# [What you have to do]
Images do not belong in the copy. Retype all the entries below exactly.

────────

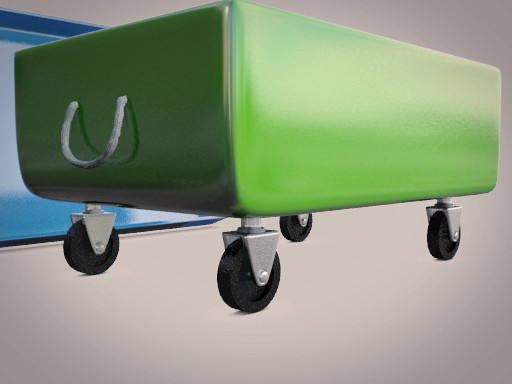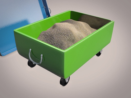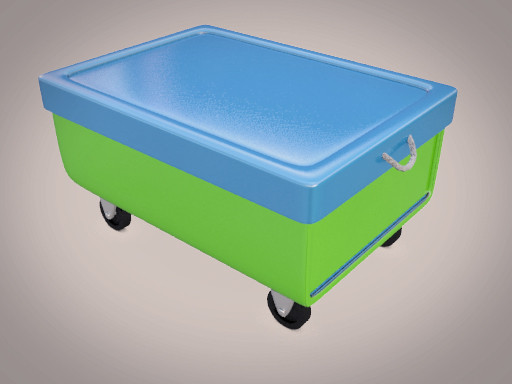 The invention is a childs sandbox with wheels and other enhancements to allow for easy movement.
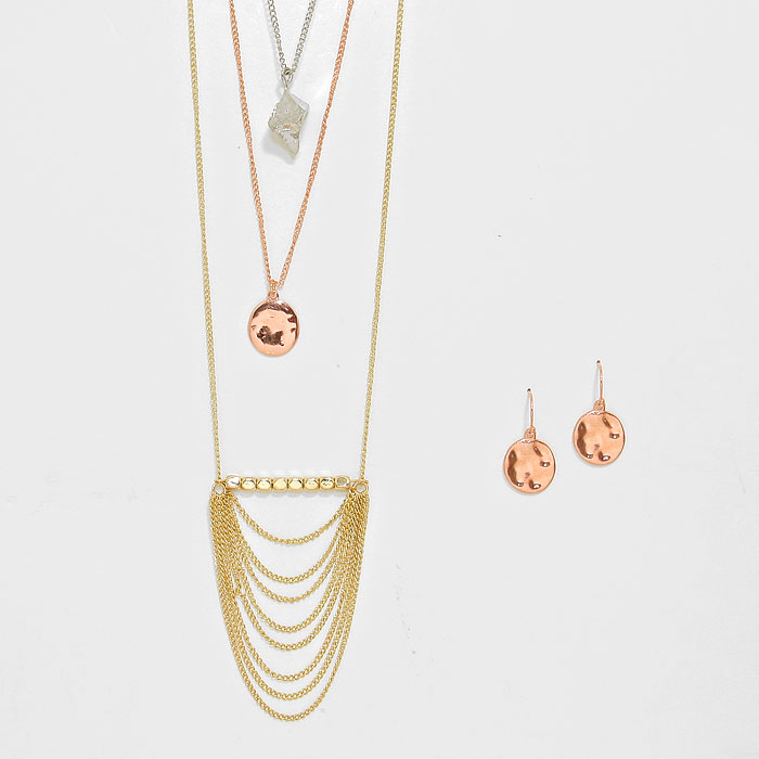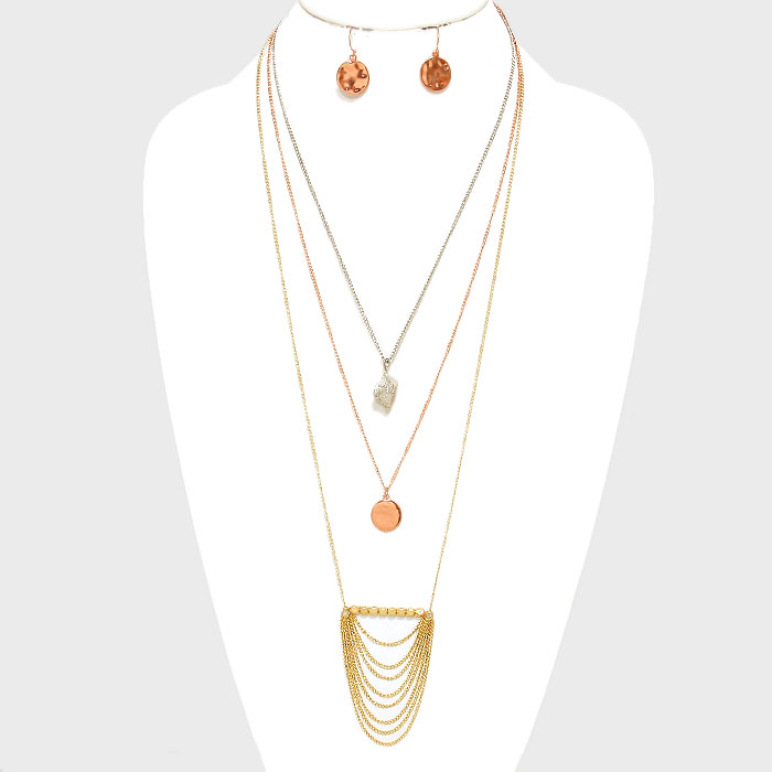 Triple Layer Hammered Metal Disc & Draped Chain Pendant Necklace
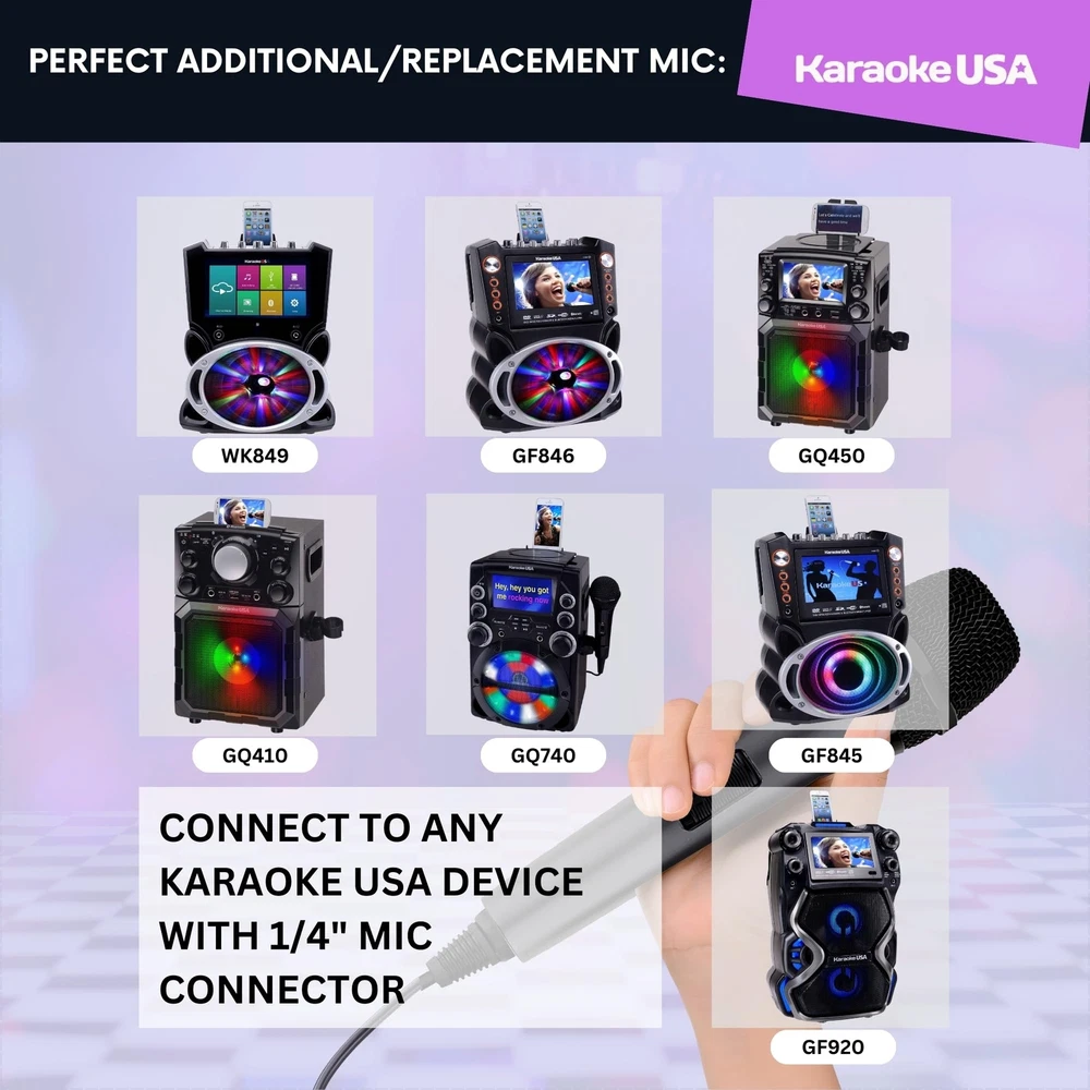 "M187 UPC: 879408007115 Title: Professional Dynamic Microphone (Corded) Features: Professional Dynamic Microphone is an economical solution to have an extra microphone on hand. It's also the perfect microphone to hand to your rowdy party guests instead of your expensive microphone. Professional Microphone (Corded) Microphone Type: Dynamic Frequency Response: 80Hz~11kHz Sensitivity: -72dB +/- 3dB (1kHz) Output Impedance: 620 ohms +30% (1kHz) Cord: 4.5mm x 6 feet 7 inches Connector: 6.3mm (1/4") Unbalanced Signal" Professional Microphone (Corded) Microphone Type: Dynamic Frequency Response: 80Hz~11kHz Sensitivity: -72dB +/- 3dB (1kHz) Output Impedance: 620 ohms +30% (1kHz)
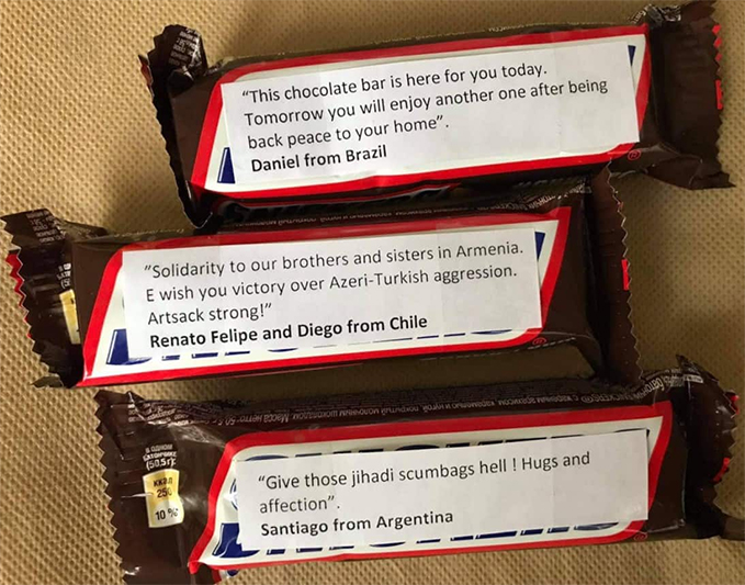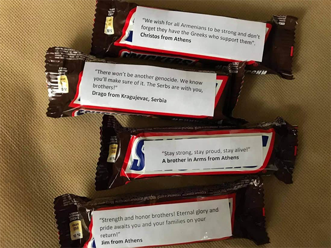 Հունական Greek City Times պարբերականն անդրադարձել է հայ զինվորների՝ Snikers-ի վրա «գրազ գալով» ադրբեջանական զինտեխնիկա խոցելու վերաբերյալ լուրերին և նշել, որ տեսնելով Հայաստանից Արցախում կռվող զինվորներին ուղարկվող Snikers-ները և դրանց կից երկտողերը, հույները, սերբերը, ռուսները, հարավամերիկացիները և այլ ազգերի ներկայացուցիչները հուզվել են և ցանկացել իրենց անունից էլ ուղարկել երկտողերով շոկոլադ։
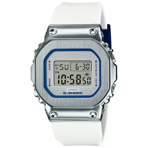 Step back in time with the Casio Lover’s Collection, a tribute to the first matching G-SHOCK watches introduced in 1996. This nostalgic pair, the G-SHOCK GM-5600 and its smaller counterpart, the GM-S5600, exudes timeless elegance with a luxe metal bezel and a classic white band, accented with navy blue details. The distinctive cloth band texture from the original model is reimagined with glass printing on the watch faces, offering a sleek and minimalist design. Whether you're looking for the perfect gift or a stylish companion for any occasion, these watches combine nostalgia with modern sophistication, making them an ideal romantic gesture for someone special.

────────

# [Solution for this problem]
 The invention is a childs sandbox with wheels and other enhancements to allow for easy movement.
 Triple Layer Hammered Metal Disc & Draped Chain Pendant Necklace
 "M187 UPC: 879408007115 Title: Professional Dynamic Microphone (Corded) Features: Professional Dynamic Microphone is an economical solution to have an extra microphone on hand. It's also the perfect microphone to hand to your rowdy party guests instead of your expensive microphone. Professional Microphone (Corded) Microphone Type: Dynamic Frequency Response: 80Hz~11kHz Sensitivity: -72dB +/- 3dB (1kHz) Output Impedance: 620 ohms +30% (1kHz) Cord: 4.5mm x 6 feet 7 inches Connector: 6.3mm (1/4") Unbalanced Signal" Professional Microphone (Corded) Microphone Type: Dynamic Frequency Response: 80Hz~11kHz Sensitivity: -72dB +/- 3dB (1kHz) Output Impedance: 620 ohms +30% (1kHz)
 Հունական Greek City Times պարբերականն անդրադարձել է հայ զինվորների՝ Snikers-ի վրա «գրազ գալով» ադրբեջանական զինտեխնիկա խոցելու վերաբերյալ լուրերին և նշել, որ տեսնելով Հայաստանից Արցախում կռվող զինվորներին ուղարկվող Snikers-ները և դրանց կից երկտողերը, հույները, սերբերը, ռուսները, հարավամերիկացիները և այլ ազգերի ներկայացուցիչները հուզվել են և ցանկացել իրենց անունից էլ ուղարկել երկտողերով շոկոլադ։
 Step back in time with the Casio Lover’s Collection, a tribute to the first matching G-SHOCK watches introduced in 1996. This nostalgic pair, the G-SHOCK GM-5600 and its smaller counterpart, the GM-S5600, exudes timeless elegance with a luxe metal bezel and a classic white band, accented with navy blue details. The distinctive cloth band texture from the original model is reimagined with glass printing on the watch faces, offering a sleek and minimalist design. Whether you're looking for the perfect gift or a stylish companion for any occasion, these watches combine nostalgia with modern sophistication, making them an ideal romantic gesture for someone special.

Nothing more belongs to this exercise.